Nakagawa, Yuko, Katagiri, Takeshi, Shinozaki, Kazuo, Qi, Zhi, Tatsumi, Hitoshi, Furuichi, Takuya, Kishigami, Akio, Sokabe, Masahiro, Kojima, Itaru, Sato, Shusei, Kato, Tomohiko, Tabata, Satoshi, Iida, Kazuko, Terashima, Asuka, Nakano, Masataka, Ikeda, Mitsunobu, Yamanaka, Takuya, Iida, Hidetoshi
Proceedings of the National Academy of Sciences of the United States of America 2007 v.104 no.9 pp. 3639-3644
Arabidopsis thaliana, roots, root growth, thigmotropism, membrane proteins, plasma membrane, calcium channels, calcium, physiological transport, complementary DNA, nucleotide sequences, gene expression, messenger RNA
Plants can sense and respond to mechanical stimuli, like animals.

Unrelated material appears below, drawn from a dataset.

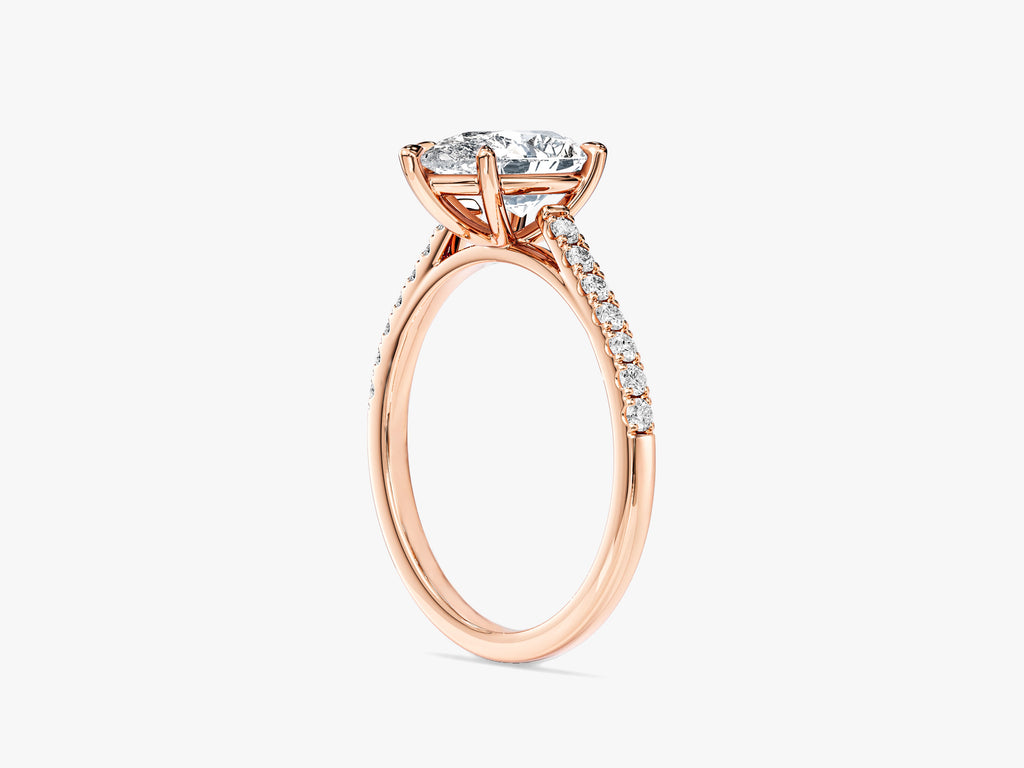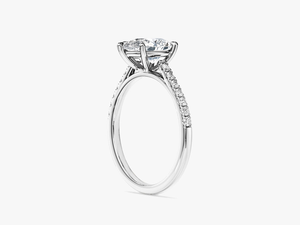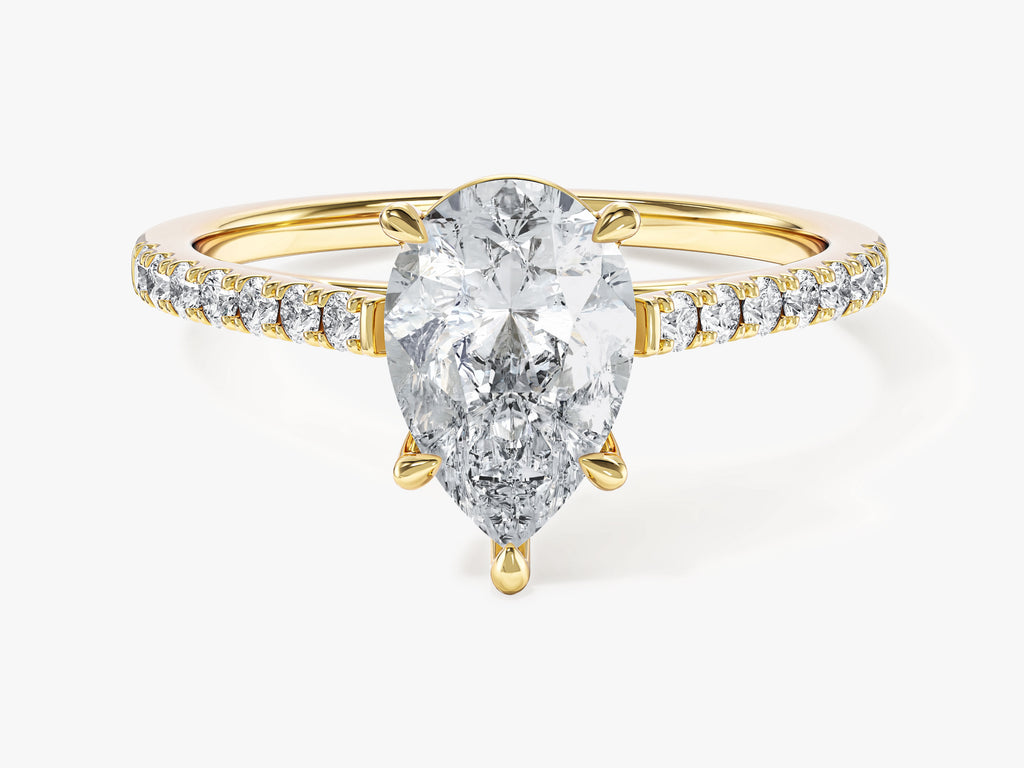 Elevate your love story with the Pear Cut Lab Grown Diamond Engagement Ring featuring Pave Set Side Stones, a harmonious fusion of timeless elegance and contemporary refinement. At its core, a dazzling pear-cut lab-grown diamond takes center stage, designed to captivate with its remarkable clarity and distinctive allure.

An early mechanism of mechanosensing and response is speculated to be governed by as-yet-unidentified sensory complexes containing a Ca²⁺-permeable, stretch-activated (SA) channel. However, the components or regulators of such complexes are poorly understood at the molecular level in plants. Here, we report the molecular identification of a plasma membrane protein (designated Mca1) that correlates Ca²⁺ influx with mechanosensing in Arabidopsis thaliana. MCA1 cDNA was cloned by the functional complementation of lethality of a yeast mid1 mutant lacking a putative Ca²⁺-permeable SA channel component. Mca1 was localized to the yeast plasma membrane as an integral membrane protein and mediated Ca²⁺ influx. Mca1 also increased [Ca²⁺]cyt upon plasma membrane distortion in ARABIDOPSIS: The growth of MCA1-overexpressing plants was impaired in a high-calcium but not a low-calcium medium. The primary roots of mca1-null plants failed to penetrate a harder agar medium from a softer one. These observations demonstrate that Mca1 plays a crucial role in a Ca²⁺-permeable SA channel system that leads to mechanosensing in ARABIDOPSIS: We anticipate our findings to be a starting point for a deeper understanding of the molecular mechanisms of mechanotransduction in plants.